Regex to validate a particular date format

2

I was modifying a regex for a program in c ++ that would validate the following input form of the 29/feb/2000 dates. Currently it was only accepting 29/02/2000 or 30/03/2017 .

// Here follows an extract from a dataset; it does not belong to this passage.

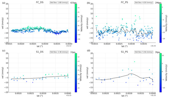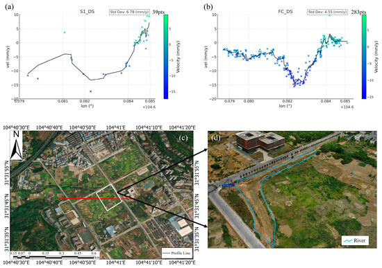 (a,b) Deformation velocity profile of FC-1 under the DSI and PSI methods. (c,d) Deformation velocity profile of Sentinel-1 under the DSI and PSI methods.
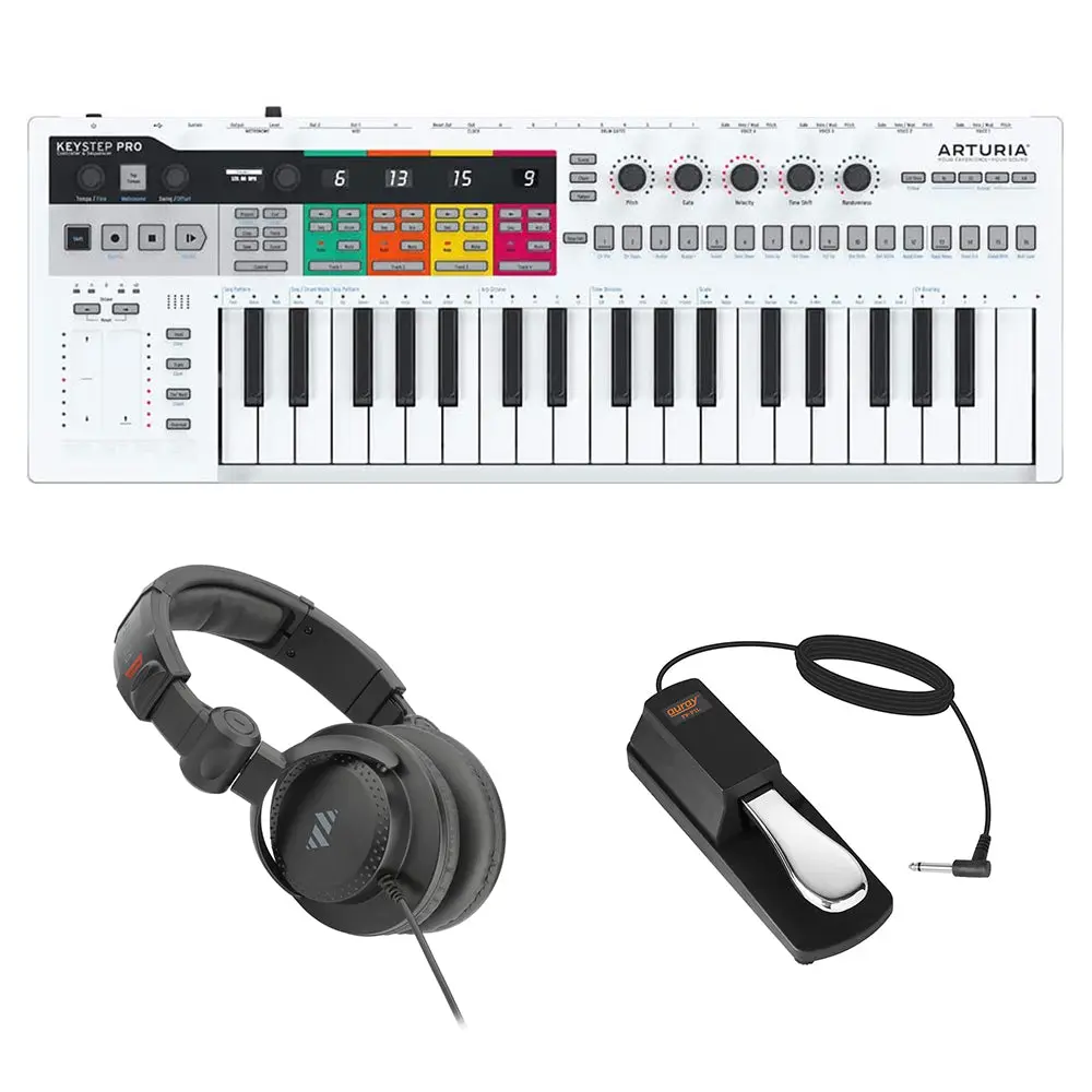 This bundle includes HPC-A30-MK2 Closed-Back Studio Monitor Headphones offers a solution for experiencing rich and natural sound when listening to music through a mobile device or monitoring a podcast on your computer. Plus a piano-style sustain pedal with a high-quality, rugged build. The unit features switchable polarity, making it compatible with most electronic keyboards that have a 1/4" foot-switch input jack.

I tried to add to the other months but I can not. How to make it possible to 30/mar/2017 or 20/dec/2018 ?

Follow the regex:

"^(?:(?:0[1-9]|1[0-9]|2[0-8])(?:/|.|-)(?:0[1-9]|1[0-2])|(?:(?:29|30)(?:/|.|-)(?:0[13456789]|1[0-2]))|(?:31(?:/|.|-)(?:0[13578]|1[02])))(?:/|.|-)(?:[2-9][0-9]{3}|1[6-9][0-9]{2}|159[0-9]|158[3-9])|29(?:/|.|-)(?:02|feb|Feb)(?:/|.|-)(?:(?:[2-9](?:04|08|[2468][048]|[13579][26])|1[6-9](?:(?:04|08|[2468][048]|[13579][26])00)|159(?:2|6)|158(?:4|8))|(?:16|[2468][048]|[3579][26])00)$"
    
asked by anonymous 29.01.2018 / 11:47

3 answers

5
  

Regex is definitely not the right tool to solve this problem. However, I read in the comments that you are studying regex ... So just for fun


Regex

^(?:(?:(0?[1-9]|1\d|2[0-8])([-/.])(0?[1-9]|1[0-2]|j(?:an|u[nl])|ma[ry]|a(?:pr|ug)|sep|oct|nov|dec|feb)|(29|30)([-/.])(0?[13-9]|1[0-2]|j(?:an|u[nl])|ma[ry]|a(?:pr|ug)|sep|oct|nov|dec)|(31)([-/.])(0?[13578]|1[02]|jan|ma[ry]|jul|aug|oct|dec))(?:||)(0{2,3}[1-9]|0{1,2}[1-9]\d|0?[1-9]\d{2}|[1-9]\d{3})|(29)([-/.])(0?2|feb)(\d{1,2}(?:0[48]|[2468][048]|[13579][26])|(?:0?[48]|[13579][26]|[2468][048])00))$

⟶ ⟶ ⟶ ⟶ ⟿ ⟶ ⟿ ∞

Let's see Debuggex to unroll:

Orexplainedwithvariables:

std::string regexData() { std::string sep = "/", dia1a28 = "(0?[1-9]|1\d|2[0-8])", dia29 = "(29)", dia29ou30 = "(29|30)", dia31 = "(31)", mesFev = "(0?2|feb)", mes31diasNum = "0?[13578]|1[02]", mes31diasNome = "jan|ma[ry]|jul|aug|oct|dec", mes31dias = "("+mes31diasNum+"|"+mes31diasNome+")", mesNaoFevNum = "0?[13-9]|1[0-2]", mesNaoFevNome = "j(?:an|u[nl])|ma[ry]|a(?:pr|ug)|sep|oct|nov|dec", mesNaoFev = "("+mesNaoFevNum+"|"+mesNaoFevNome+")", mesTudoNum = "0?[1-9]|1[0-2]", mesTudoNome = mesNaoFevNome+"|feb", mesTudo = "("+mesTudoNum+"|"+mesTudoNome+")", diames29Fev = dia29+sep+mesFev, diames1a28 = dia1a28+sep+mesTudo, diames29ou30naoFev = dia29ou30+sep+mesNaoFev, diames31 = dia31+sep+mes31dias, diamesNao29Feb = "(?:"+diames1a28+"|"+diames29ou30naoFev+"|"+diames31+")", ano001a9999 = "(0{2,3}[1-9]|0{1,2}[1-9]\d|0?[1-9]\d{2}|[1-9]\d{3})", anoX4nao100 = "\d{1,2}(?:0[48]|[2468][048]|[13579][26])", anoX400 = "(?:0?[48]|[13579][26]|[2468][048])00", anoBissexto = "("+anoX4nao100+"|"+anoX400+")", dataNao29Fev = diamesNao29Feb+sep+ano001a9999, data29Fev = diames29Fev+sep+anoBissexto, dataFinal = "(?:"+dataNao29Fev+"|"+data29Fev+")"; return dataFinal; }


Using different date separators

You can use something like:

^(dia)[-/.](mês)[-/.](ano)$
dia = match[1]; mes = match[2]; ano = match[3];

But this would allow a date as 1.2/2000 .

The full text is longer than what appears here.